Entries provided
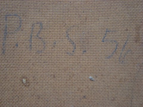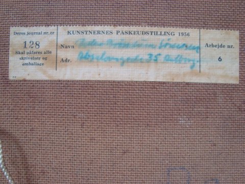 Bagpå mærkat fra Kunstnernes Påskeudstilling 1956 - No. 6.
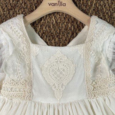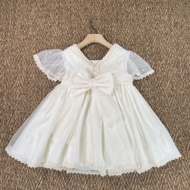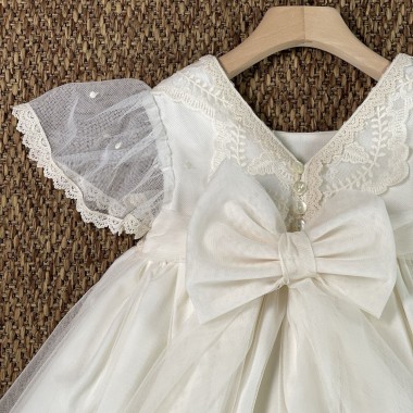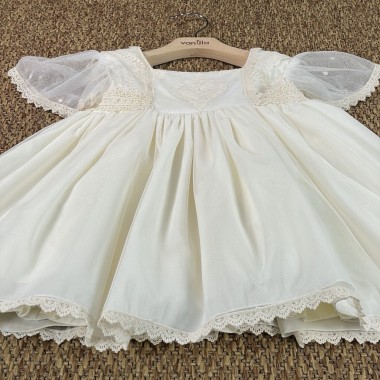 Dress in tulle and macramè ivory, corpetto con intarsi in macramè di cotone sleeve voilant in tulle a polka dots, macramè edge
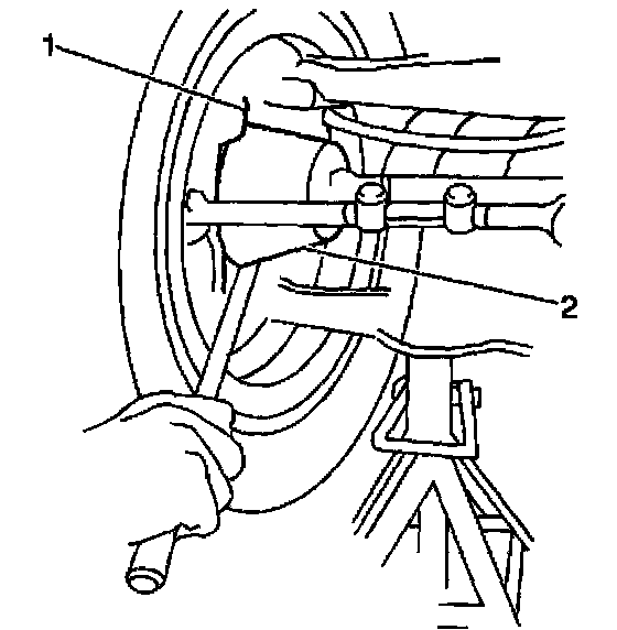 8. Pry between the lower control arm (2) and the outer bearing race (1) while reading the dial indicator. This shows vertical looseness in the ball joints. The lower ball joint is not preloaded and may show some looseness.
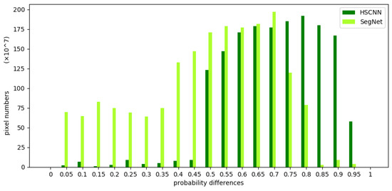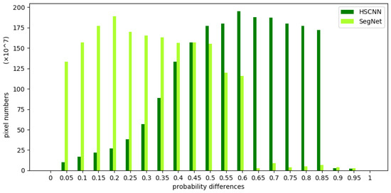 Both HSCNN and SegNet use classifiers to generate the probability distribution of the classes, and consider the class with the maximum probability (max) in the distribution as the type to which the pixel belongs. Clearly, a larger difference between the max and background implies a higher separability of the pixels and more reliable results. The probability differences given by the HSCNN and SegNet model for the inner wheat and edge wheat classes are presented in Figure 4 and Figure 5, respectively. It is clear in Figure 4 that HSCNN and SegNet lead to significant probability differences for many pixels in the interior, which demonstrates the high separability of this region and the strength of CNN. In the probability distribution in Figure 5, fewer pixels are noted as having large probability differences in both the HSCNN and SegNet; nevertheless, the number is maintained at a quite high level for the HSCNN, whereas SegNet exhibits a reduced performance.
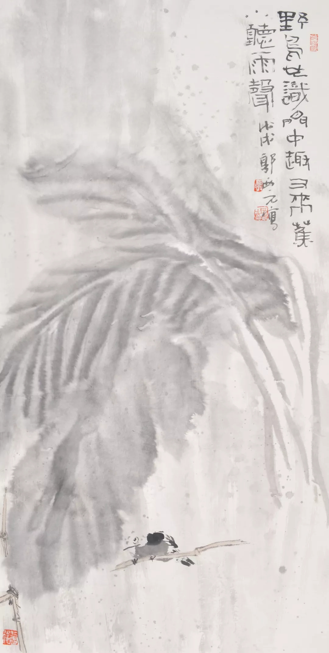 《听雨》郭西元 2018年作 《古梅》郭西元 2018年作
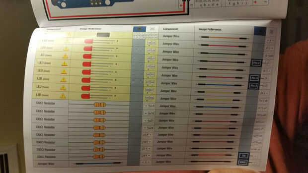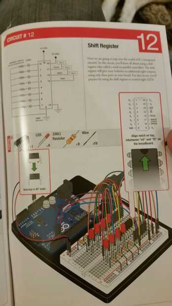 Tenga en cuenta que el círculo visible en un extremo del registro de desplazamiento hacia el borde más cercano de la protoboard y tratar de empujar el registro de desplazamiento en los agujeros apropiados como una acción fluida, en lugar de un conector a la vez. La tabla más baja de la foto detalles de las ubicación y el enchufe en puntos de cada pieza de hardware.
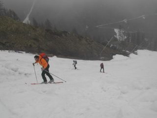Neve abbastanza difficoltosa in discesa piccoli tratti con crosta portante alternati a tratti non portanti fino al fondo del primo pendio. Nel falsopiano che è…
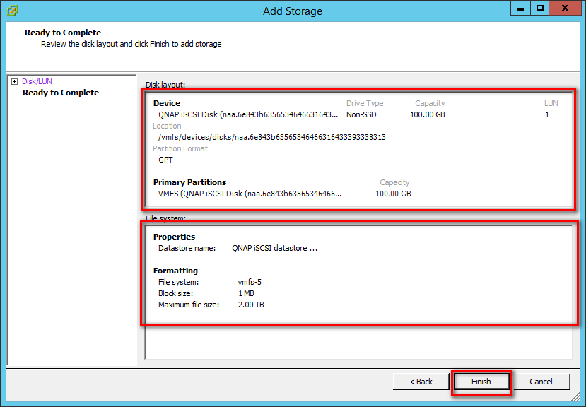 Step 13: Review the datastore configuration information and click “Finish”.

Exercise instructions
The first line of the listing through the line with "Dress in tulle": repeat exactly that span and nothing more, skipping pictures.

Written solution
 Bagpå mærkat fra Kunstnernes Påskeudstilling 1956 - No. 6.
 Dress in tulle and macramè ivory, corpetto con intarsi in macramè di cotone sleeve voilant in tulle a polka dots, macramè edge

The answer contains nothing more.